■ TASK ITEM ■
The required answer is an exact copy of every line from the beginning of the entries through the line with "Patient 3 : 64F", with all pictures omitted.

━━ MATERIAL FOR THIS TASK ━━

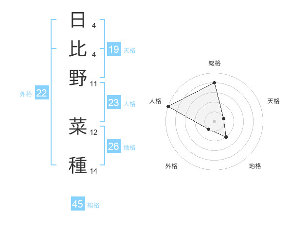 日比野 菜種さんの総格は45画の4点!
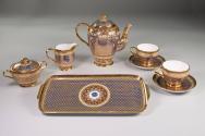 Inscriptions and MarkingsStamped on bottom of teapot, tray, and saucers: [manufacturer's logo]
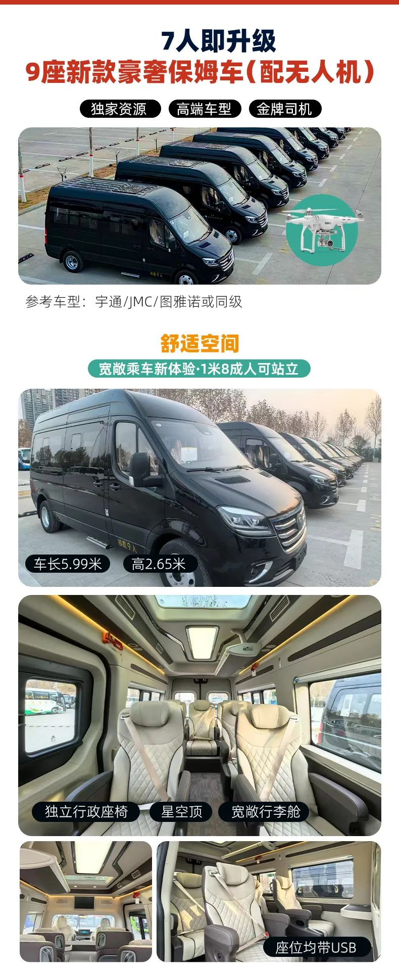 7-8位队员升级9座新款豪奢保姆车(配无人机);
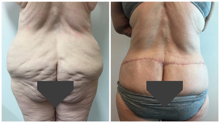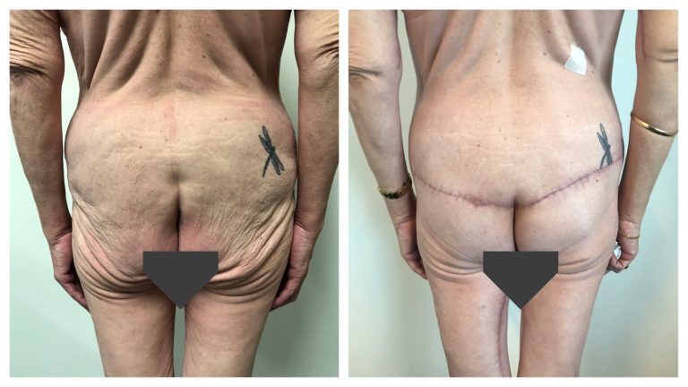 Patient 3 : 64F patient underwent a Buttock Lift procedure. Post operative photos taken at 4 months.
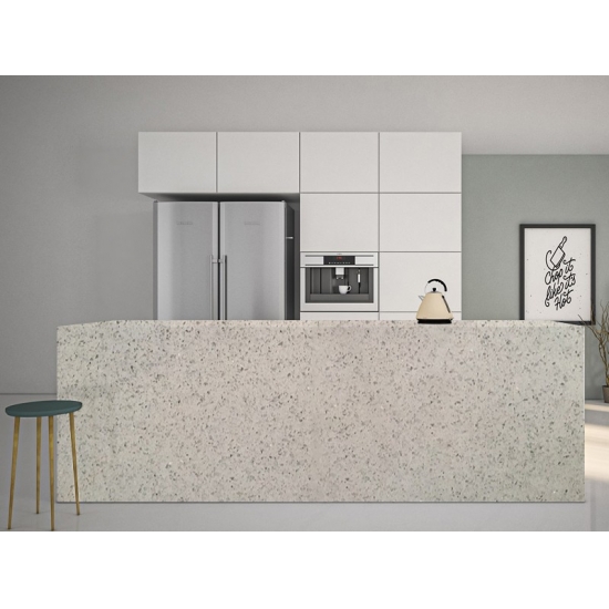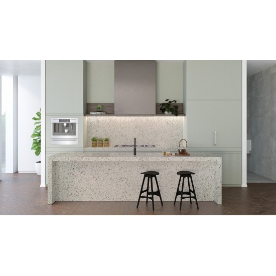 Sparkle Quartz Grey Galaxy Light — это специально обработанный искусственный кварцевый камень, который отличается от других серий более блестящим внешним видом. Этот кварц придает ощущение глубины и текстуры при укладке на стены, полы, столешницы и т. д. Его можно использовать для создания потрясающих настенных панно и фартуков для раковин в ванных комнатах и на кухне. Благодаря своим антибактериальным и влагостойким свойствам, этот кварц отлично подходит для помещений, подверженных воздействию влаги.
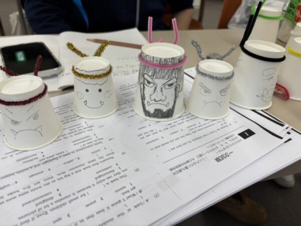 (準備中に作られていた紙コップの鬼たちは、ここで活躍しました!)
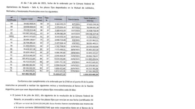 Rosario3 accedió a un informe que hizo Sorrequieta para la jueza Aramberri en la que va detallando cómo a medida de cada vencimiento los depósitos se trasladaban al banco Nación. Para la fecha de la confección, un tercio de los $1.000 millones habían vuelto sanos y salvos al Banco Nación. Al viernes pasado, según confirmó Rosario3 cotejando los certificados de depósitos, ya se devolvieron el 50% al Banco Nación.
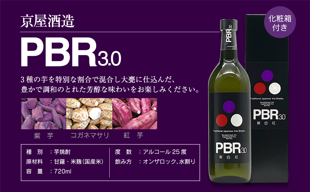 ・ムラサキマサリ(Purple)、コガネマサリ(Branc)、紅系芋(Rouge)、3種の芋を特別な割合で混合した大甕仕込み!!

━━━

■ RESPONSE TO THIS EXERCISE ■
 日比野 菜種さんの総格は45画の4点!
 Inscriptions and MarkingsStamped on bottom of teapot, tray, and saucers: [manufacturer's logo]
 7-8位队员升级9座新款豪奢保姆车(配无人机);
 Patient 3 : 64F patient underwent a Buttock Lift procedure. Post operative photos taken at 4 months.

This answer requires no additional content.